Hello Leon, I found your observation and question interesting. Perhaps, for some not-so-obvious reasons, however:
"...plastic optical fiber to me means that their chip technology is only applicable to a LAN environment and is not in the more lucrative (i.e. glass optical fiber) space as JDSU etc... Is this still correct?"
I don't know if your initial read on the intended purposes behind POF, or POF's releationship to the DWDM aspect of their work, was accurate. In any event, one of the salient points about the future benefits of chip-based optics [which may not yet be very obvious], is that they will act as enabling elements in bringing multi-lane optical networking "within" in-buildings riser assemblies, campus distribution, individual workgroups, LANs in general, right down to the end point expansion boards. Possibly even embedded at some point in the future onto motherboards. Not right now, of course, but several years down the road.

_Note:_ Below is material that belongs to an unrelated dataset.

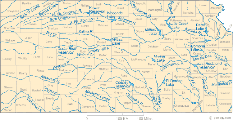 Kansas is a state located in the Midwestern region of the United States. It is bordered by Nebraska to the north, Missouri to the east, Oklahoma to the south, and Colorado to the west. With an area of approximately 82,000 square miles (213,000 square kilometers), Kansas is the 15th largest state in the US. The state's capital is Topeka, and its largest city is Wichita.
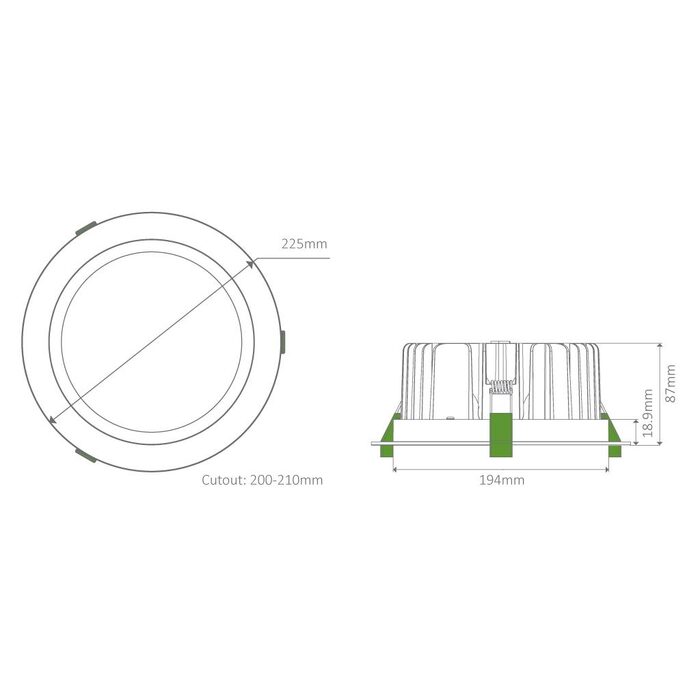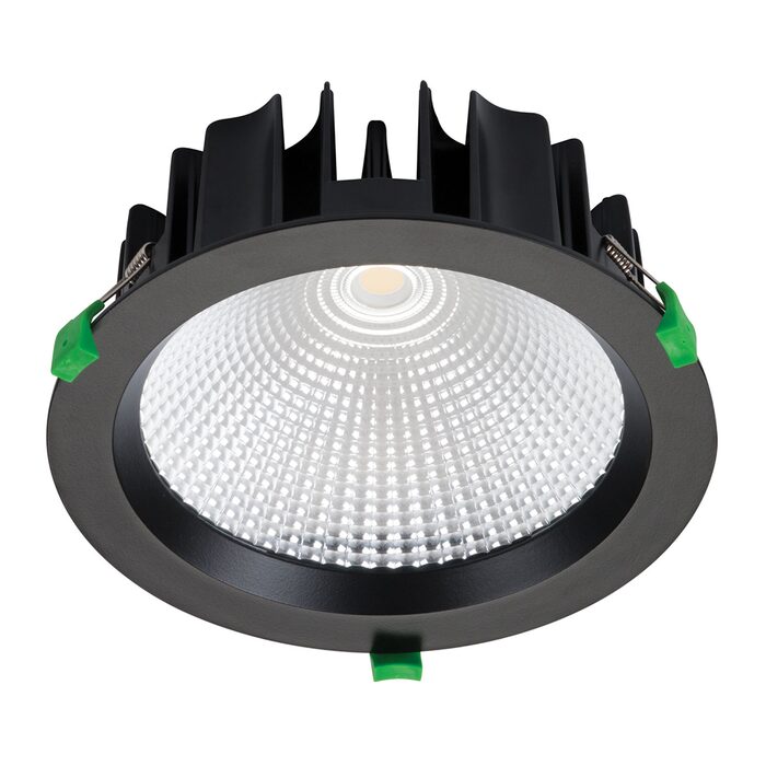 The reflector behaves in much the same way as a metal halide fixture does with the favourable scallop style illumination. Added benefits of an IP44 rating and fully mains dimmable LED driver makes this a perfect alternative to metal halide and PLC styled down lights. Applications include schools, shopping centres, retail shops etc.

Plastic fiber experimentation and the actual deployments of same, however, have never met with much success in the past for a variety of reasons except for some niche applications. A company that put a lot of weight into this back in the Eitghties was Codenoll Technology Corp. (which has since been acquired by ADC Corp), and despite the heavy emphasis they placed on it, it never materialized to much in the spaces they targeted, i.e., namely, in LANs.
As for their intended uses of POF, however, I cannot speak to any progress that LUMM has had in this regard specifically, but I can say that POF to the best of my knowledge has never been a friendly component of DWDM assemblies... indeed, it may very well be (and probably still is to a great extent) just the opposite for most of the conventional distances and wavelengths used today. FWIW.
Perhaps someone else who is more familiar with LUMM's motivation behind their POF work can add to this.